WHAT YOU ARE ASKED TO DO
The answer must consist solely of the lines below starting at the one containing "Mực Laser VMAX" and ending at the one containing "At the entrance", repeated exactly, with both ends included and all pictures omitted.

** DATA EXTRACTS follows **

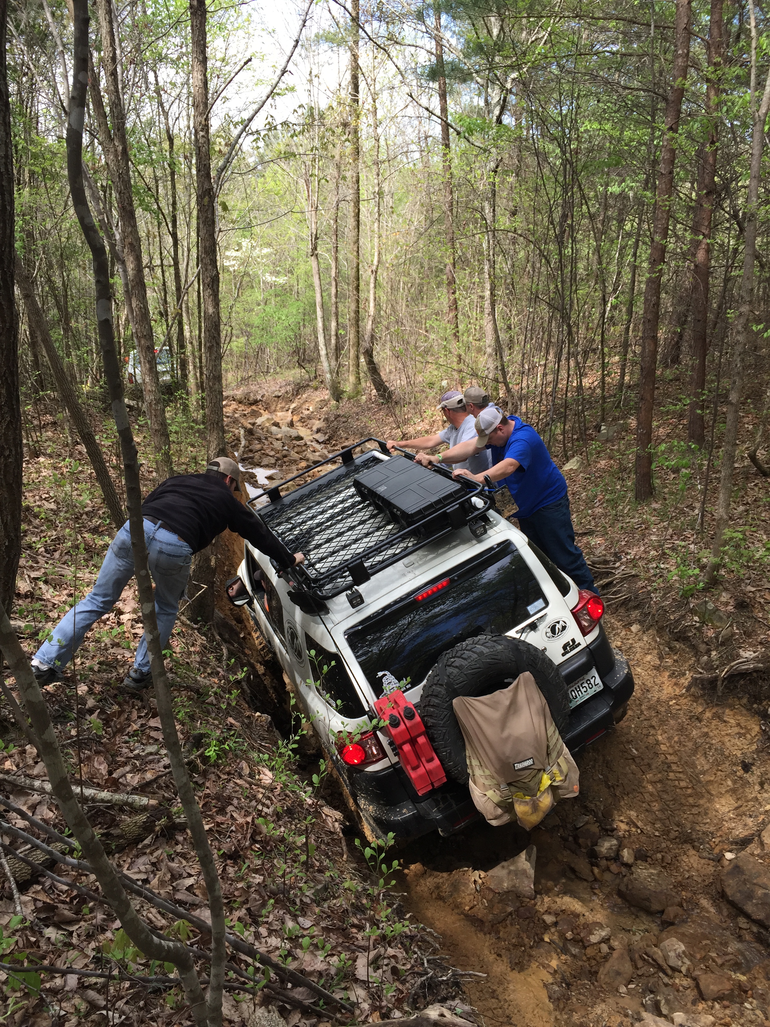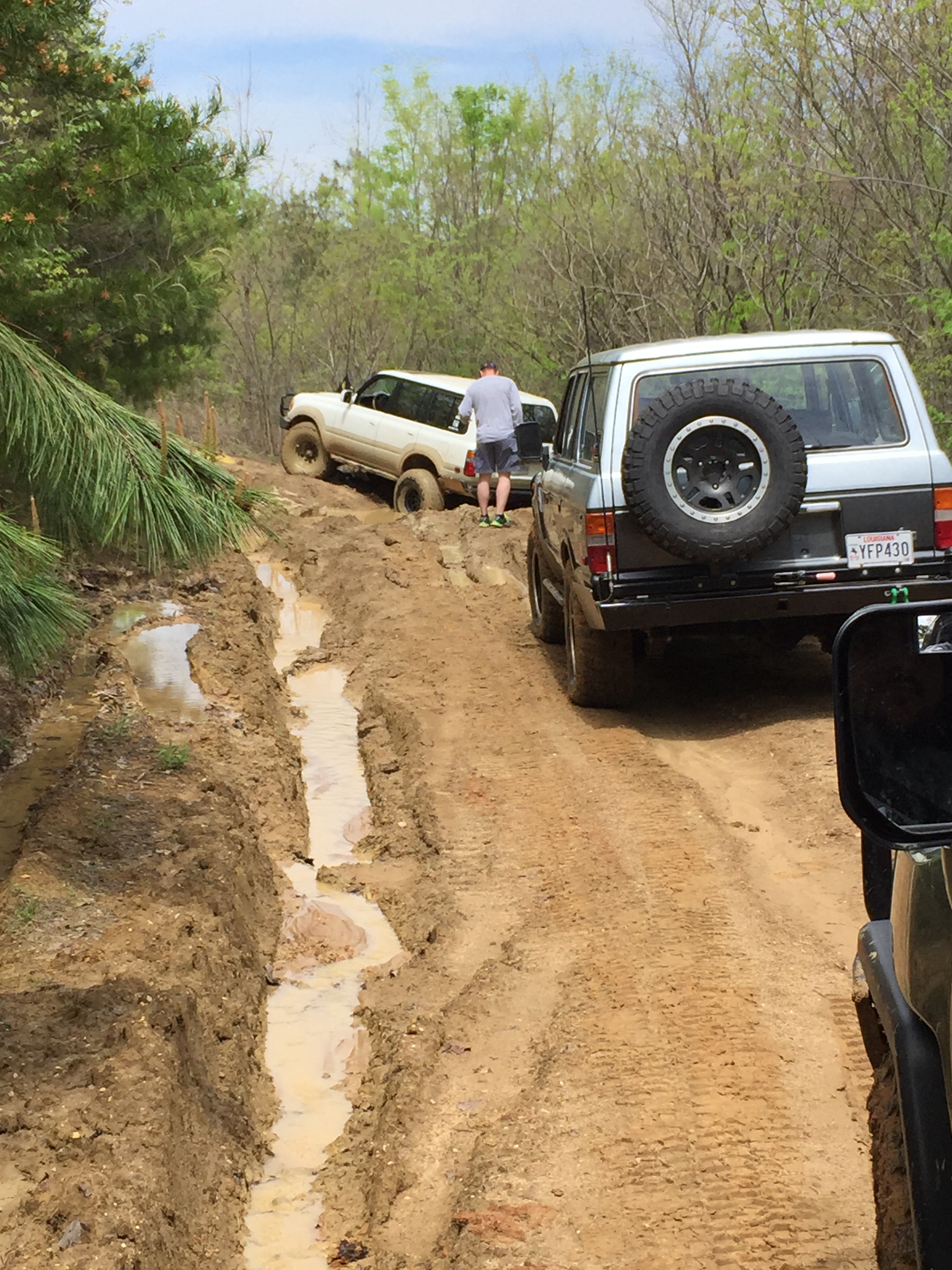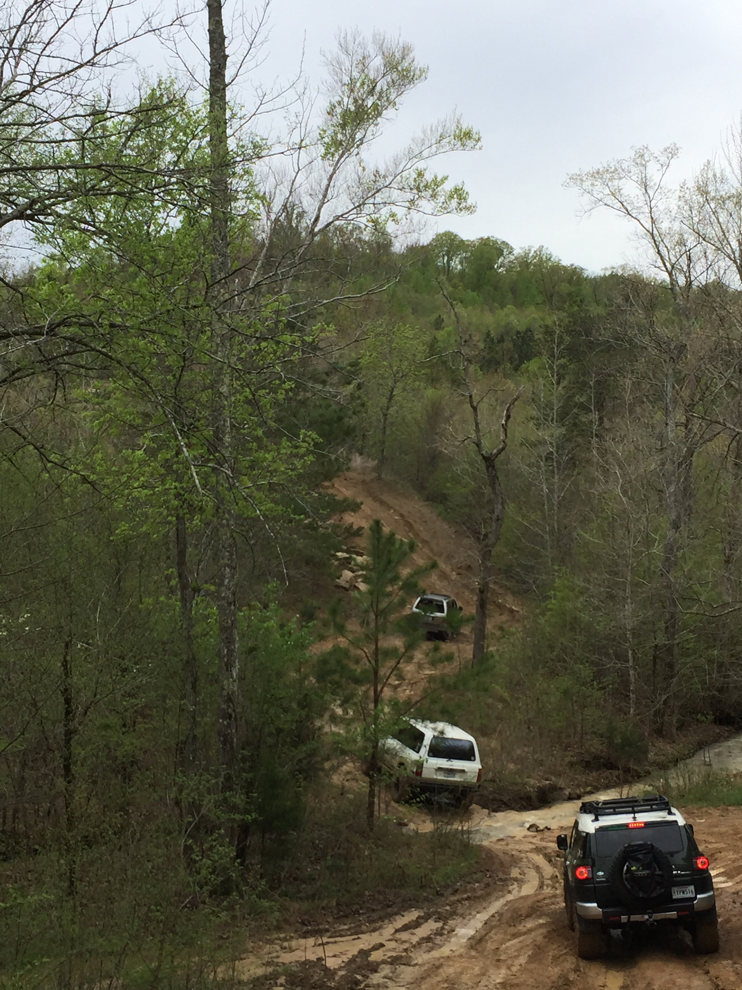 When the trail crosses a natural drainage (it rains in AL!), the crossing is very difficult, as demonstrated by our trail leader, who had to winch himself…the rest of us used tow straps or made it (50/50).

** End of DATA EXTRACTS **
** DATA EXTRACTS follows **

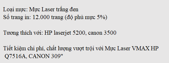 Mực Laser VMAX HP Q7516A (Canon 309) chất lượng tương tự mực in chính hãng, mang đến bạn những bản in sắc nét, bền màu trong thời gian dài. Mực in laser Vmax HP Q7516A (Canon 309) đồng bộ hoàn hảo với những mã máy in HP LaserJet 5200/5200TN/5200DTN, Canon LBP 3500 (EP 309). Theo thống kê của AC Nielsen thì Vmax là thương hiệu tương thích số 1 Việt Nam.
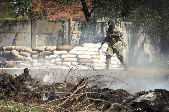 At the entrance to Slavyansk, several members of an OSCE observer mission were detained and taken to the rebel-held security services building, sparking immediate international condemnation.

** End of DATA EXTRACTS **

RESPONSE AREA
 Mực Laser VMAX HP Q7516A (Canon 309) chất lượng tương tự mực in chính hãng, mang đến bạn những bản in sắc nét, bền màu trong thời gian dài. Mực in laser Vmax HP Q7516A (Canon 309) đồng bộ hoàn hảo với những mã máy in HP LaserJet 5200/5200TN/5200DTN, Canon LBP 3500 (EP 309). Theo thống kê của AC Nielsen thì Vmax là thương hiệu tương thích số 1 Việt Nam.
 At the entrance to Slavyansk, several members of an OSCE observer mission were detained and taken to the rebel-held security services building, sparking immediate international condemnation.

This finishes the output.